Belle surprise du début de saison toulousain, Shavy Babicka entend bien s’imposer en Ligue 1, et ce, dès cette saison. Un énième défi de taille pour un attaquant qui s’est exilé du Gabon dès l’âge de 18 ans, avant de connaître un parcours peu commun pour tracer son chemin dans le monde du football.

Shavy Babicka, parce qu’il vient de loin

Sur les bords de la Garonne, le nom de Beto Márcico résonne comme un mythe, symbole d’une période dorée malheureusement révolue. Alors quand un joueur s’offre le luxe d’égaler un record détenu par la légende violette venue d’Argentine, l’événement ne peut être totalement anodin. C’est bien ce qu’a réussi Shavy Babicka au fil d’un début de saison fracassant, qui l’a vu inscrire trois buts en trois entrées en jeu. Les trois premiers pions version 2024-2025 d’un TFC orphelin de Thijs Dallinga. Six mois après son arrivée de Chypre dans un relatif anonymat, le globe-trotter entend bien passer la seconde dans une ville où il assure se sentir bien et commence à avoir ses repères. « L’objectif cette année, c’est de faire mieux. Je n’avais plus d’excuses, j’ai eu le temps de m’adapter. J’ai essayé de tout mettre en place pour faire une magnifique saison parce que j’ai beaucoup à prouver dans ce championnat », lance-t-il d’emblée au bout du fil. Si depuis ce départ tonitruant le bonhomme reste sur cinq rencontres sans marquer, celui qui affirme se sentir proche d’un certain Yann Gboho depuis qu’ils ont débarqué ensemble sur l’île du Ramier a bien l’intention de saisir, encore et toujours, sa chance.
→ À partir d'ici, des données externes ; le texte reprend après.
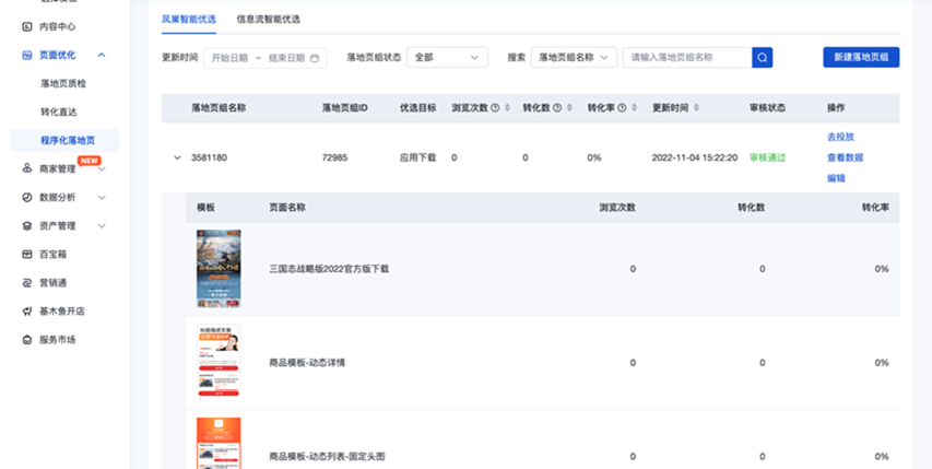 7、数据观察:投放后,可以在落地页组列表中实时查看到各模板的展现、转化情况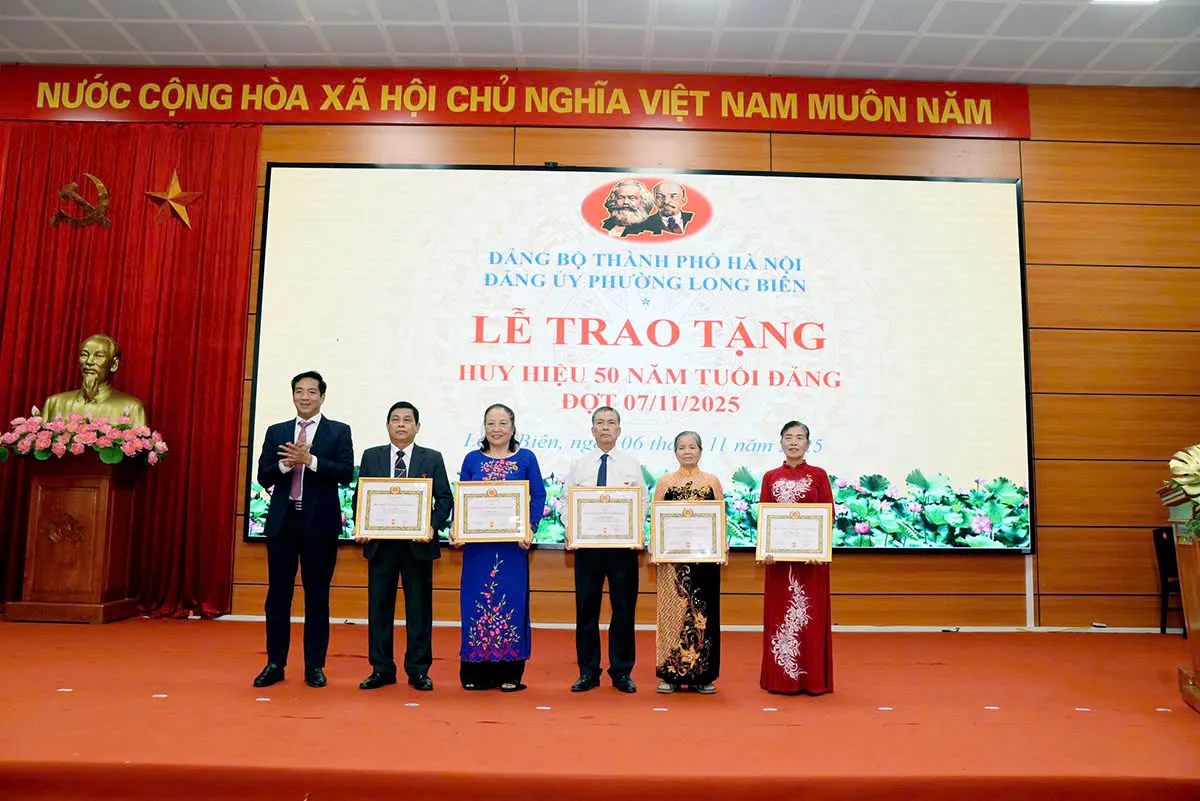 Buổi Lễ trao tặng Huy hiệu Đảng đợt 7/11/2025 đã diễn ra trong không khí trang trọng, phấn khởi, tiếp thêm động lực để toàn Đảng bộ phường Long Biên tiếp tục đoàn kết, nỗ lực phấn đấu, quyết tâm xây dựng Đảng bộ trong sạch, vững mạnh, hoàn thành xuất sắc mọi nhiệm vụ chính trị được giao.
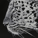 Chaque détail de sa robe tachetée et de son regard perçant est mis en valeur par le contraste du noir et du blanc, créant un effet de profondeur saisissant.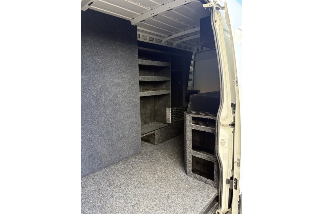Finished in clean White, this example comes complete with twin sliding side doors and practical rear barn doors for easy access no matter how youre loaded. Inside, its kitted out with a custom trade fit-out, including shelving... Read more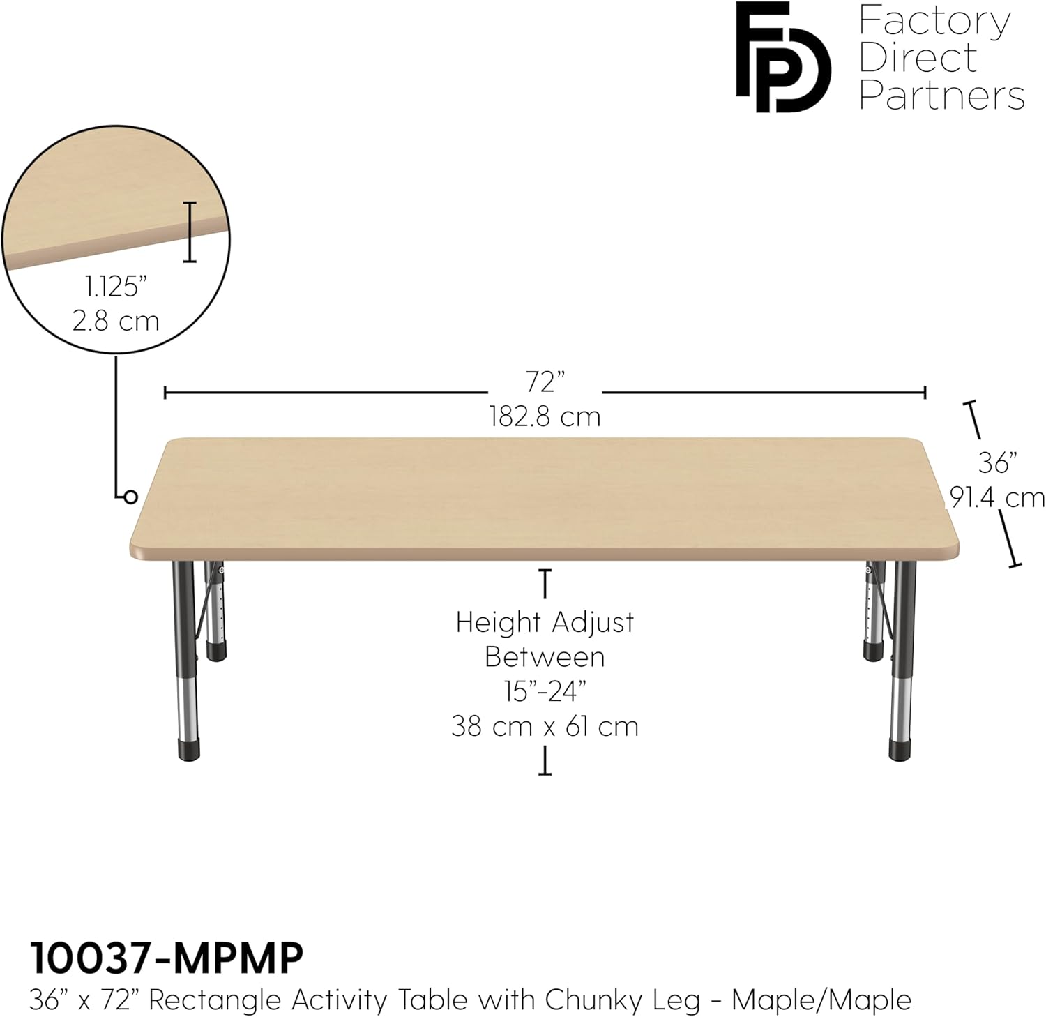 FDP Rectangle Activity School and Classroom Kids Table (36 x 72 inch), Toddler Legs, Adjustable Height 15-24 inches - Maple Top and Maple Edge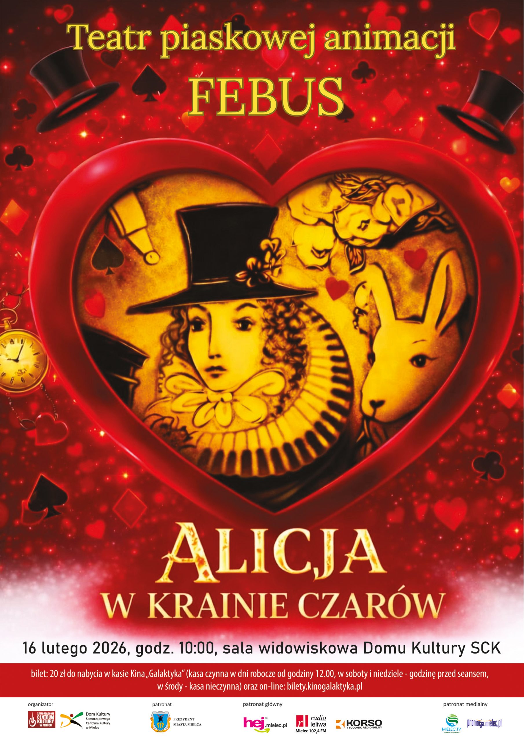 „Alicja w Krainie Czarów” w wykonaniu Teatru Piaskowej Animacji „Febus” to spektakl, w którym historia opowiadana jest poprzez malowanie piaskiem. Obrazy tworzone są na szklanym stole, a następnie wyświetlane na ekranie, tworząc unikalne, dynamiczne widowisko łączące sztukę wizualną z muzyką i narracją. Spektakle te oferują magiczną atmosferę, przenosząc klasyczną opowieść Lewis Carrolla w zupełnie nowy, artystyczny wymiar.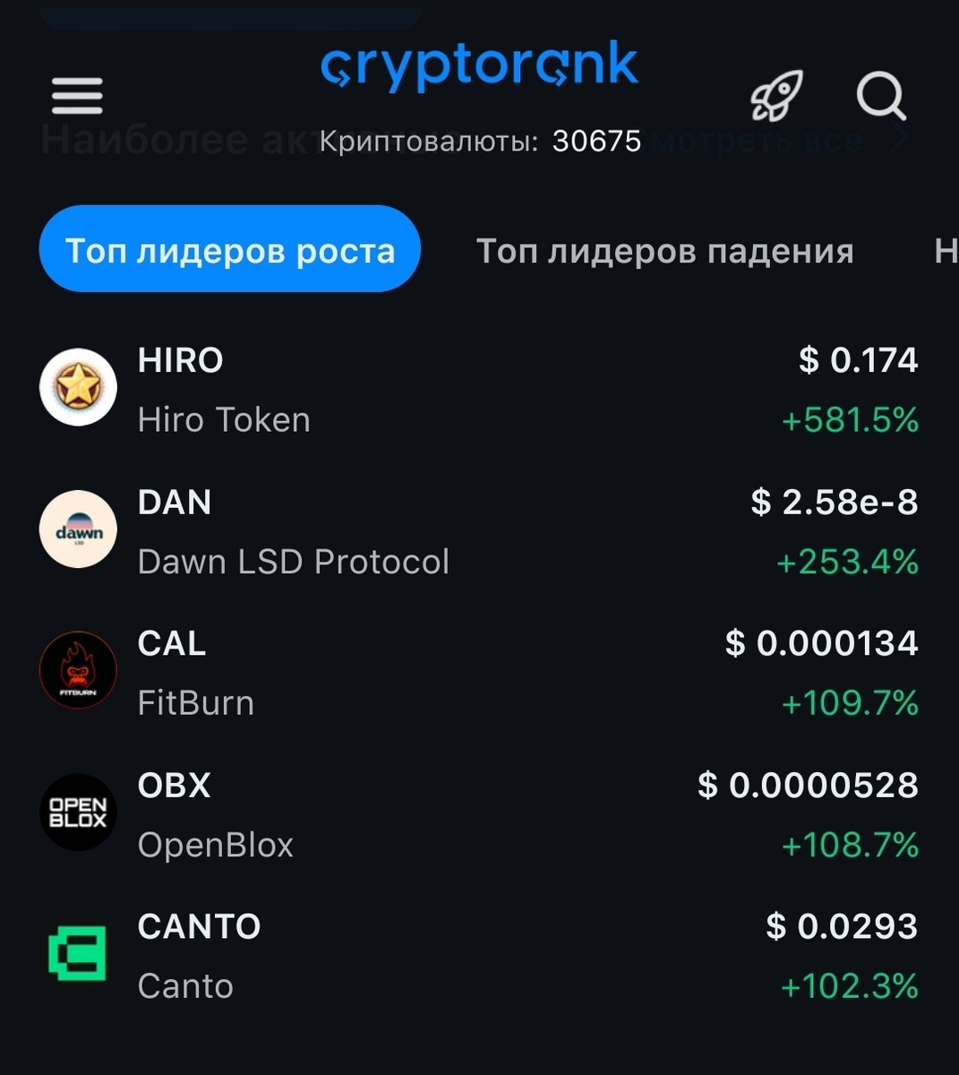 #DAWR #криптовалюты #topgainers #hiro #dan #cal #obx #canto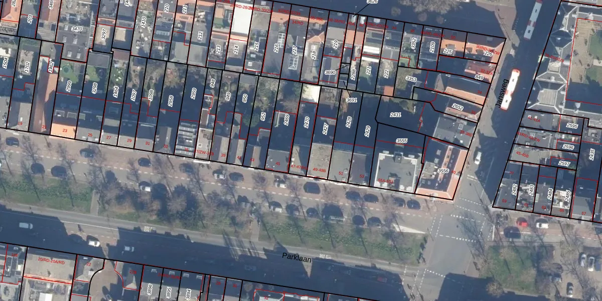 Parklaan 47-RD is gelegen op kadastraal perceel HLM01B2470. Deze kadastrale aanduiding is uniek en wordt gebruikt door het Kadaster om eigendomsrechten en andere zakelijke rechten vast te leggen. Het perceel maakt onderdeel uit van de kadastrale gemeente Haarlem.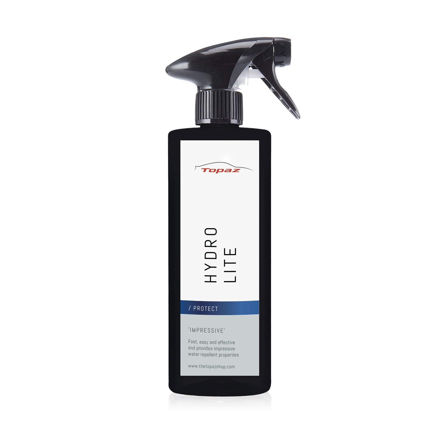 DIRECTIONS: Ensure the vehicle has been washed and rinsed prior to use. Spray Hydro Lite onto the wet vehicle’s body panels and wheels (avoiding the windscreen where possible). Rinse the vehicle with a pressure washer from top to bottom. Dry the vehicle using a Topaz Drying Towel.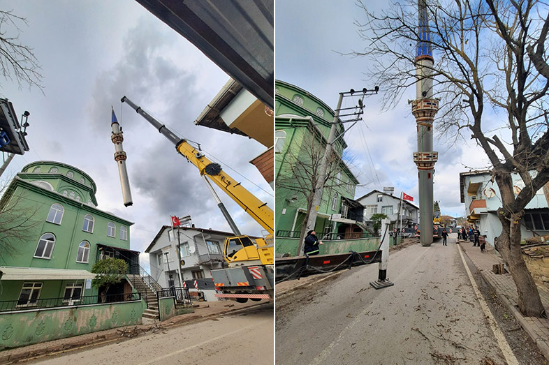 Arızlı Mahalle Muhtarı Ruhan Menteş, pazartesi akşamı şiddetli lodos ve kötü hava koşulları nedeniyle caminin minaresinin yan yattığını belirterek, desteklerinden dolayı Büyükşehir Belediyesine, AFAD ve Jandarma ekiplerine teşekkür etti.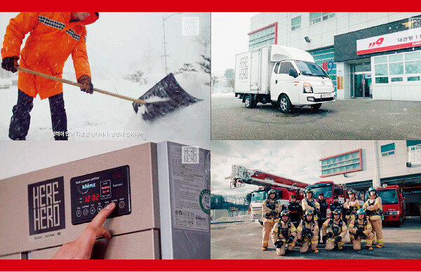 소방관을 주인공으로 한 동영상 ‘영웅, 여기에’ 화면들. “화재 출동! 화재 출동! 비상벨이 울리면 가슴이 쿵쾅대고 그 짧은 시간 사이에 엄청나게 많은 생각을 하면서 차에 탑승하는 거죠. 항상 긴장감이 있습니다.” 국민의 일상을 지…
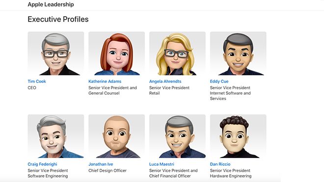 Apple bununla birlikte internet sayfasında bir sürpriz yaptı ve Apple liderlik ekibinin fotoğraflarını Memoji’lerle değiştirdi. Bu sayfaya tıkladığınızda tüm Apple yönetiminin fotoğraflarını Memoji’lerle değiştirdiğini göreceksiniz.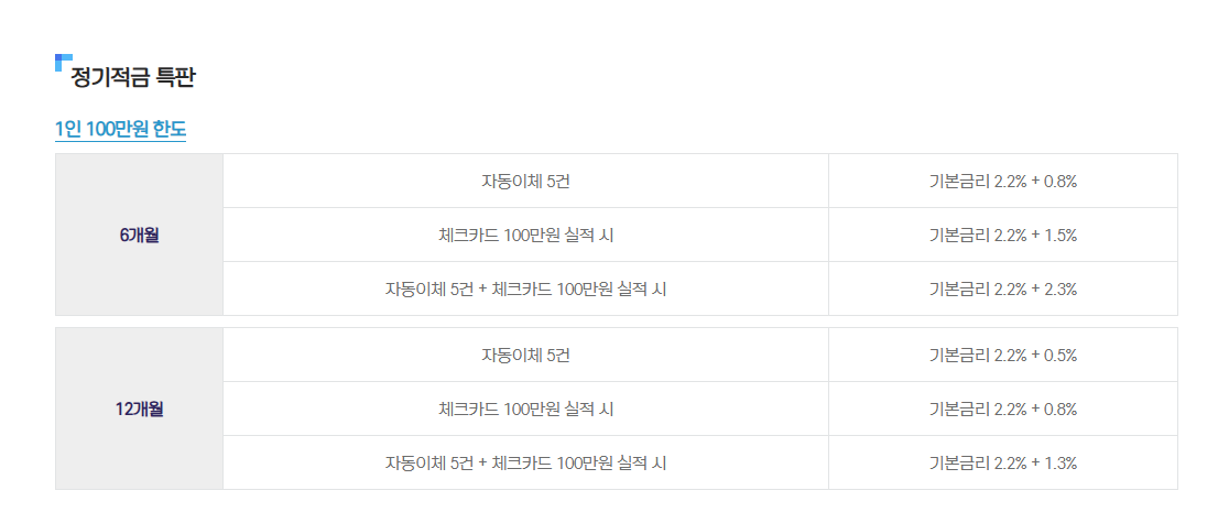 | 자동이체 5건 + 체크카드 100만원 실적 시 | 기본금리 2.2% + 1.3% |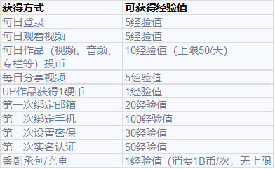 当我们发布的作品(视频、音频、专栏)获得其他用户投的1个硬币币,增加1个经验值,3个硬币增加3个经验值,每日无上限,长期有效;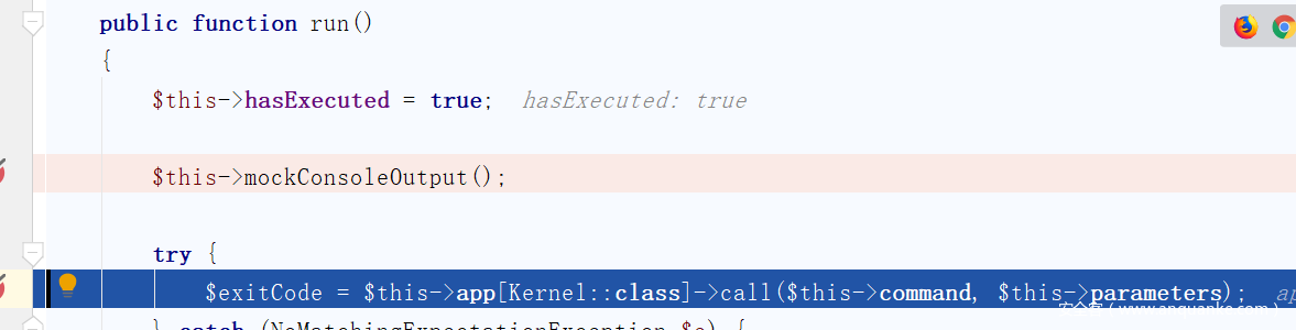 经历了mockConsoleOutput(),最终顺利走回run(),到达可能的命令执行点。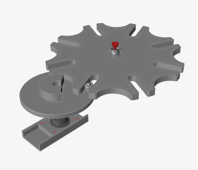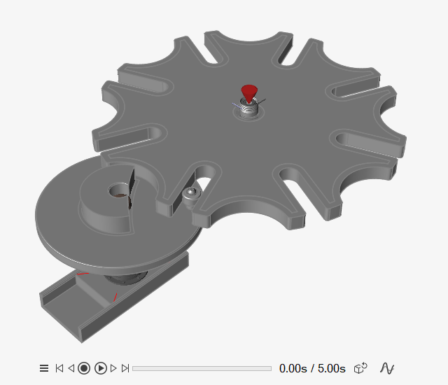 打锤零件正好穿过槽轮,因为还没有定义零件之间的接触。过一会儿,滑块又会从槽轮中抽回。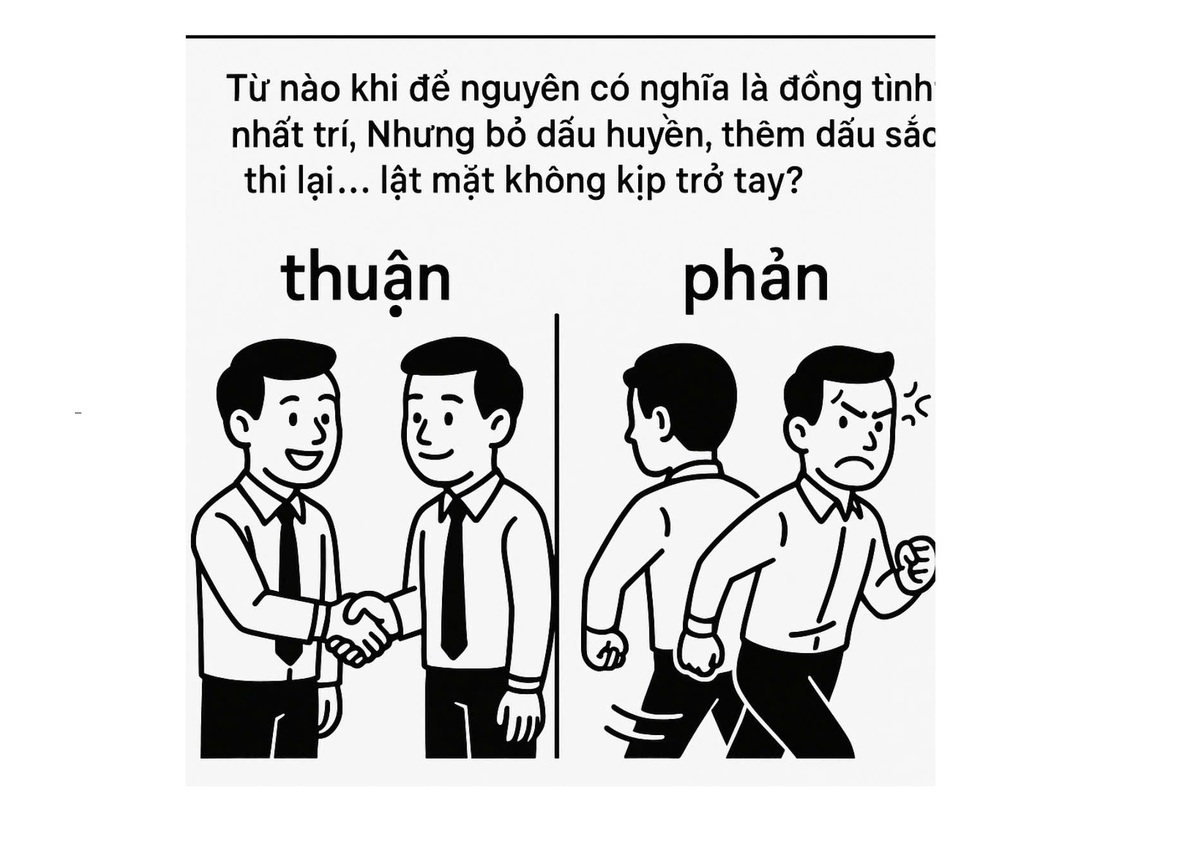 Không chỉ cho ra các từ có nghĩa khác hoàn toàn mà nhiều khi, việc đổi thanh dấu còn khiến chúng ta có những từ trái nghĩa đầy thú vị. Chẳng hạn như 2 từ được nhắc đến trong câu đố sau đây. Hãy thử xem, bạn có tìm được ra đáp án cho câu đố này: "Từ nào để nguyên nhất trí đồng tình, bỏ huyền thêm sắc lật mặt quá nhanh?".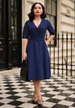 “Allure in motion. Drama in restraint!” Deze classy swing beauty is ontworpen door onze eigen in-house ontwerpers en is een ode aan tijdloze elegantie, geïnspireerd door de iconische stijl van Ava Gardner en haar ongedwongen charme in de film ‘Barefoot Contessa’ uit 1954. Uitgevoerd in een navyblauwe, stevige, high quality stof met een hele lichte stretch die heerlijk draagt. “The dress doesn’t move. It glides. Just like you Diva!” * Swing stijl * 1/2 mouwtjes * Gevoerde overslag top * Omslagkraag * Vaste strikbanden voor een extra ‘snatched’ taille * Blinde rits aan de achterzijde * Gorgeous Julia Fiore (Fiorevanil) is 1,70 m; haar accessoires zijn haar eigen vintage treasures * Let op; de kleur van het product op de video kan afwijken van de daadwerkelijke kleur van het product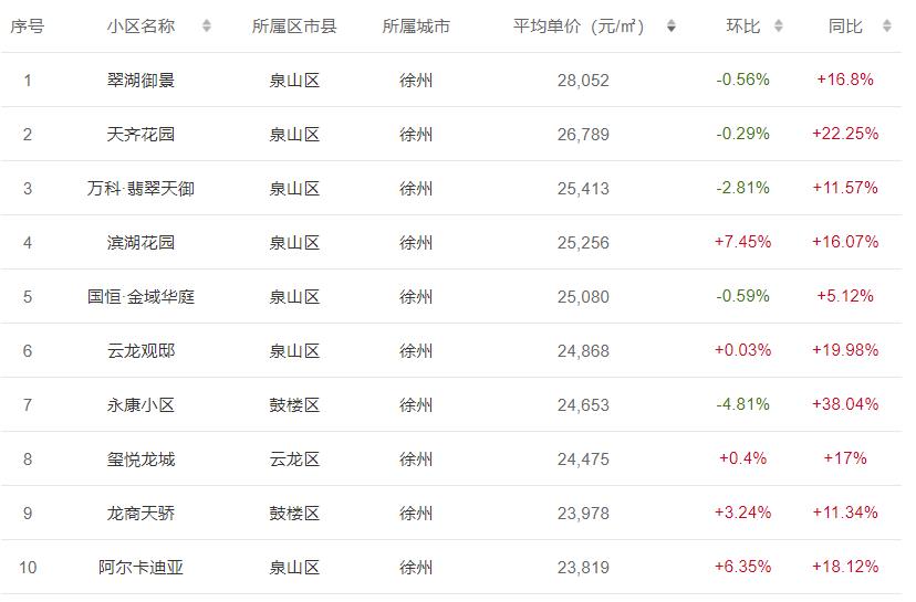 值得注意的是,在2020年底公布的70城房价中,徐州出现了时隔5年的首次下跌,然而2021年初,大部分又开始上涨了。最新数据显示,徐州市区像云龙、泉山、鼓楼、铜山等区块均价都有不同幅度的上涨,唯有贾汪区房价跌幅明显,同比下降4.31个百分点。同时,贾汪区也是整个徐州市同比环比双跌的区块。

Au quartier, les grands me disaient que j’étais talentueux. Et à un moment de ma vie, il a fallu choisir entre les études et le foot. J’ai décidé de me consacrer au foot, même si ma maman n’a pas voulu.

Shavy Babicka

PK9, langue de Shakespeare et débrouille

Pas grand-chose ne prédestinait pourtant le gamin du quartier PK9 de Libreville à se faire un nom dans l’Hexagone. Seul indice pour imaginer le destin du jeune Shavy : sa passion pour le ballon rond depuis gamin. « Au quartier, les grands me disaient que j’étais talentueux, assure-t-il des années plus tard. Et à un moment de ma vie, il a fallu choisir entre les études et le foot. Au pays, ça ne paye pas vraiment comme en Europe, mais j’ai décidé de me consacrer au foot, même si ma maman n’a pas voulu. » Problème : alors que l’attaquant n’a que 18 ans, le championnat gabonais est interrompu pour des soucis administratifs. Pas question pour autant de perdre du temps : il faut jouer pour progresser. Direction donc le Rwanda et le club Kiyovu Sports pour s’aguerrir. « Tout a démarré pour moi à ce moment-là, rejoue-t-il. Nous sommes en janvier 2019, et Shavy Babicka commence son parcours dans le monde du football professionnel. Je me suis dit : “Peu importe le pays, tant que ça joue.” La première chose que j’ai apprise là-bas, c’est à vivre seul. C’était plus mental qu’autre chose. J’ai aussi appris à parler anglais. »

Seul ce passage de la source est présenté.